La vraie rupture tient à l’analyse de solvabilité désormais obligatoire, y compris pour des montants modestes. L’ordonnance introduit, selon Marc Lanvin, « la notion de « proportionnalité », dès lors que le prêt est inférieur à 200 euros ou s’étale sur moins de 90 jours », ce qui évite de demander des dossiers complets pour un panier de 150 euros. Les contrôles seront en revanche plus poussés dès que les montants ou la durée augmentent, car, résume-t-il, « on ne traite pas de la même façon un achat de 210 ou 3 000 euros ! ». Le fichier des incidents de remboursement, le FICP, devrait jouer un rôle croissant : même si sa consultation n’est pas formellement imposée pour chaque facilité de paiement, nombre d’acteurs se préparent à l’utiliser à chaque dossier, car « S’assurer que la personne n’est pas connue pour une incapacité à payer nous semble un acte assez fort dans une étude de solvabilité ». Avec de nouveaux codes dédiés aux mini-crédits et paiements fractionnés attendus dès mars 2026, un incident sur ce type de produit pourra donc peser rapidement sur l’accès à de futurs crédits.

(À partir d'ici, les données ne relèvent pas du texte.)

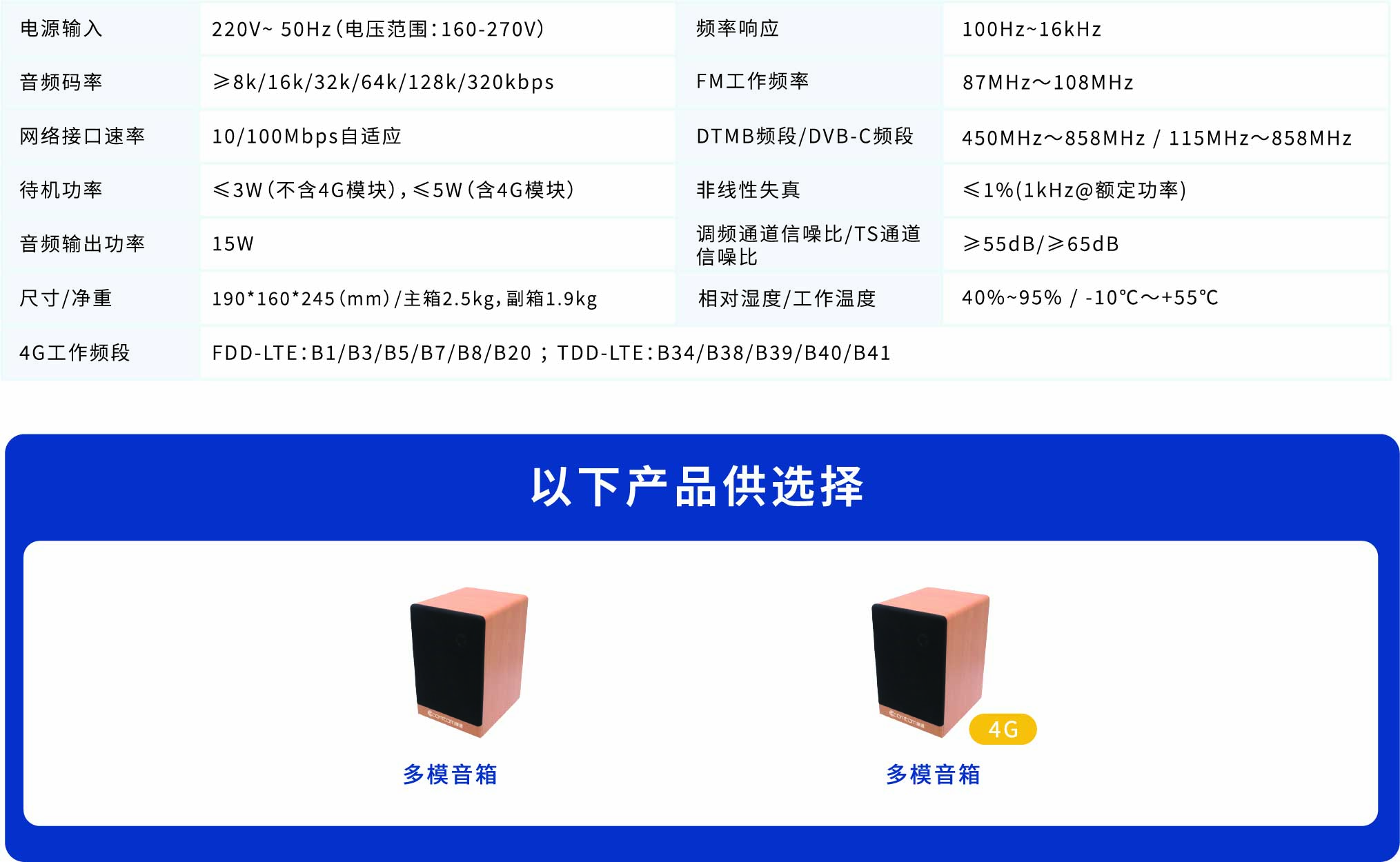 多模音箱是—款針對室內廣播的智能終端產品,是應急廣播系統中對廣播下發效果及廣播內容進行監聽的重要設備,是保障廣播合規合法的罣要手段。廣泛使用在播控中心或其他監管場景,可方便放置在播控臺。產品支持IP、TS、RDS和4G四種接收模式(可根據場景,選配模式),產品音頻部分采用高低音喇叭分頻設計輸出音質好,輸出功 率可達15W。

En arrière-plan, l’octroi d’un paiement en plusieurs fois repose déjà sur des modèles statistiques qui vont continuer à se généraliser. Chez Floa, par exemple, « Il s’agit de scores statistiques qui déterminent une « espérance de paiement », compte tenu de la situation », précise Marc Lanvin, avant de détailler : « En fonction de ce que vous achetez, du moment où vous l’achetez, de l’endroit où vous l’achetez, de l’adresse e-mail utilisée, du marchand… On est en mesure d’estimer précisément votre capacité à rembourser. » Pour les paniers plus élevés ou les profils plus fragiles, ces scores pourront être complétés par de l’open banking : « on va demander au client son accord pour se connecter à sa banque, accéder à ses relevés. » Autre filtre propre au BNPL : « La particularité du BNPL, c’est que la première échéance est payable tout de suite par carte. Lors du règlement, la banque émettrice va regarder si la dépense passe ou pas. » Ce dispositif, jugé rassurant par les acteurs, ne suffira pas à lui seul à freiner les excès, mais il s’inscrit dans un ensemble de garde-fous destinés à mieux repérer les situations à risque, dans un contexte où le paiement fractionné s’est diffusé très vite et où certains ménages déja très endettés ont multiplié les petits crédits invisibles.
En bref
- À partir du 20 novembre 2026, l’ordonnance du 3 septembre 2025 fait entrer paiements fractionnés de moins de trois mois et mini-crédits dans le champ du crédit à la consommation.
- Information tarifaire détaillée, droit de rétractation de 14 jours et analyse de solvabilité proportionnée deviennent la norme, avec un rôle accru du FICP et de l’open banking pour filtrer les dossiers à risque.
- Entre accès potentiellement plus sélectif et protections renforcées, consommateurs et commerçants doivent adapter leurs pratiques pour continuer à utiliser le paiement en plusieurs fois sans mauvaise surprise.